Key Art (GRID Legends)

Der Zeitpunkt des Release hat es in sich. Nicht nur, dass zwei riesige Rennspiel-Marken ihre Rückkehr feiern, auch andere Schwergewichte wie Elden Ring und Horizon Forbidden West buhlen um die Aufmerksamkeit der Gamer. Da verwundert es nicht, dass Codemasters neues Rennspiel GRID Legends etwas unter dem Horizont fliegt oder besser fährt.

GRID Legends ist aber weder eine Motorsport-Simulation à la Gran Turismo noch ein Open-World-Spektakel wie Forza Horizon, sondern ein klassisches Arcade-Rennspiel mit zahlreichen Fantasie- und Realkursen. Auch die Story mit echten Schauspielern ist ein Alleinstellungsmerkmal.

Wer sich weniger stark mit der Rennspiel-Reihe beschäftigt, kann mittlerweile durchaus von den Benennungen seitens Codemasters verwirrt sein. GRID Legends stellt jedenfalls den Nachfolger des durchwachsenen GRID (2019) dar. Die Wurzeln führen aber sogar bis auf DTM Race Driver und TOCA Ende der 90er-Jahre zurück.

Doch für was steht GRID Legends eigentlich? Diese Frage habe ich mir während des Testens selbst öfter gestellt. Tourenwagen? E-Autos? Open-Wheel? Trucks? Moderne High-End-Sportwagen? Tuning? Positiv gesagt bietet GRID Legends viel Abwechslung, aber so richtig überzeugen kann das Rennspiel in keinem Aspekt und das gilt auch für den neuen Story-Modus.

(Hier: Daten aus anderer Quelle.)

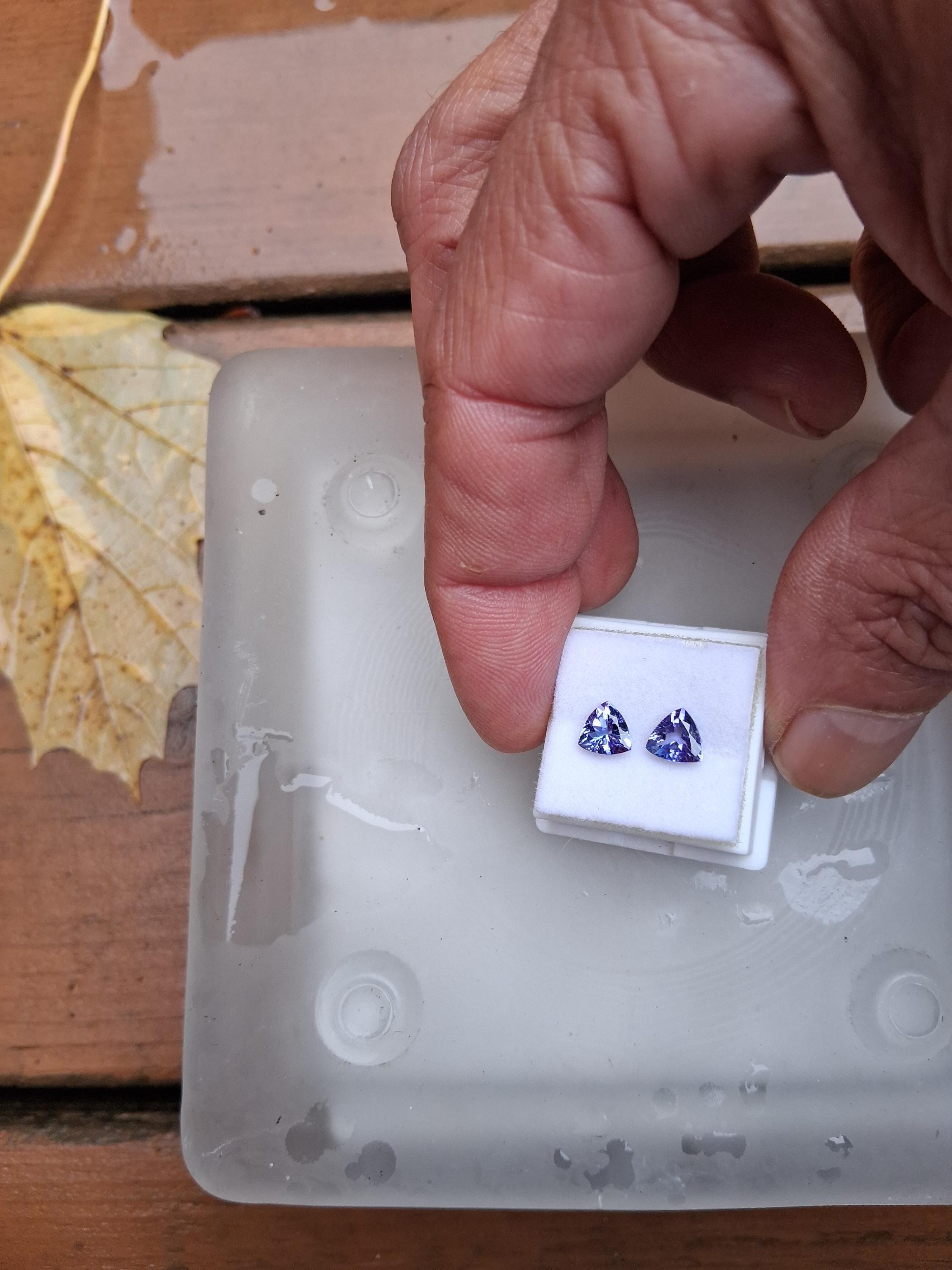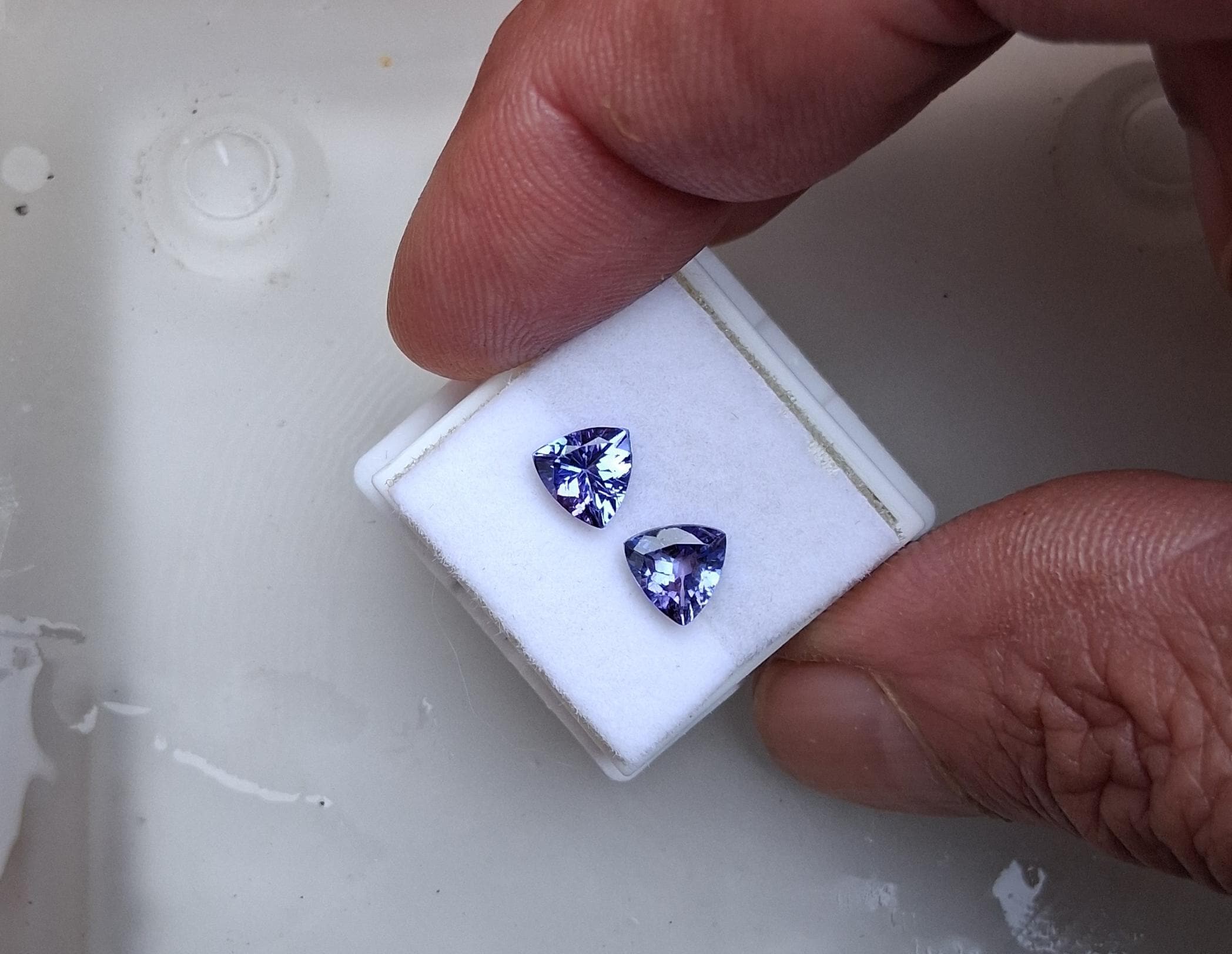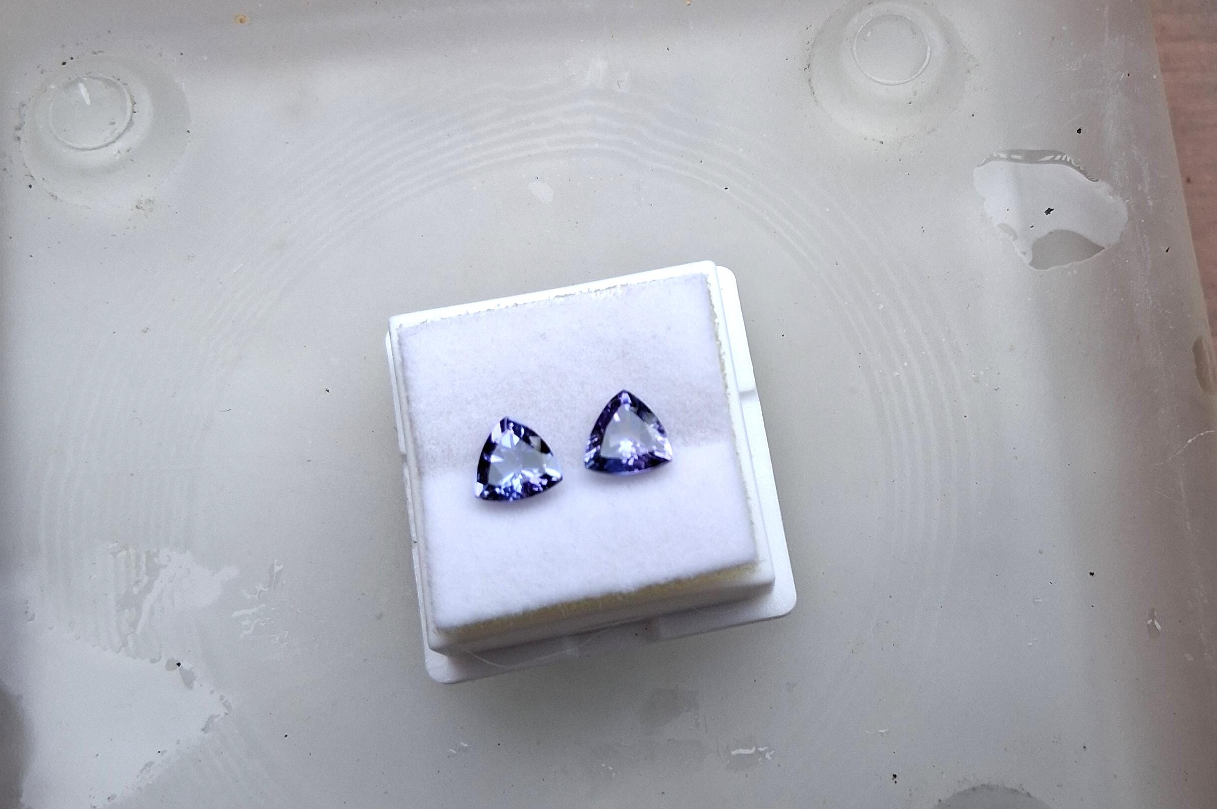 Triangle tanzanite pair for earrings, December birthstone for custom jewelry. clarity: eye clean, weight: 1.55 ct , size: 5.9 mm Treatment: None.

Das Problem mit Stories in Rennspielen

Ich bin ein großer Fan von Story-Modi in Sportspielen, egal ob FIFA, Madden oder zuletzt auch F1 2021 von Codemasters selbst. Im Gegensatz zu den vorgerenderten Szenen voller Computergrafik hat man sich bei GRID Legends allerdings für eine Mischung aus CGI und echter Schauspieler entschieden.

Leider kann die Story dabei aber nicht einmal annähernd mit einer Serie wie Netflix’ Drive to Survive mithalten und sie zieht auch gegenüber der Geschichte in F1 2021 deutlich den Kürzeren.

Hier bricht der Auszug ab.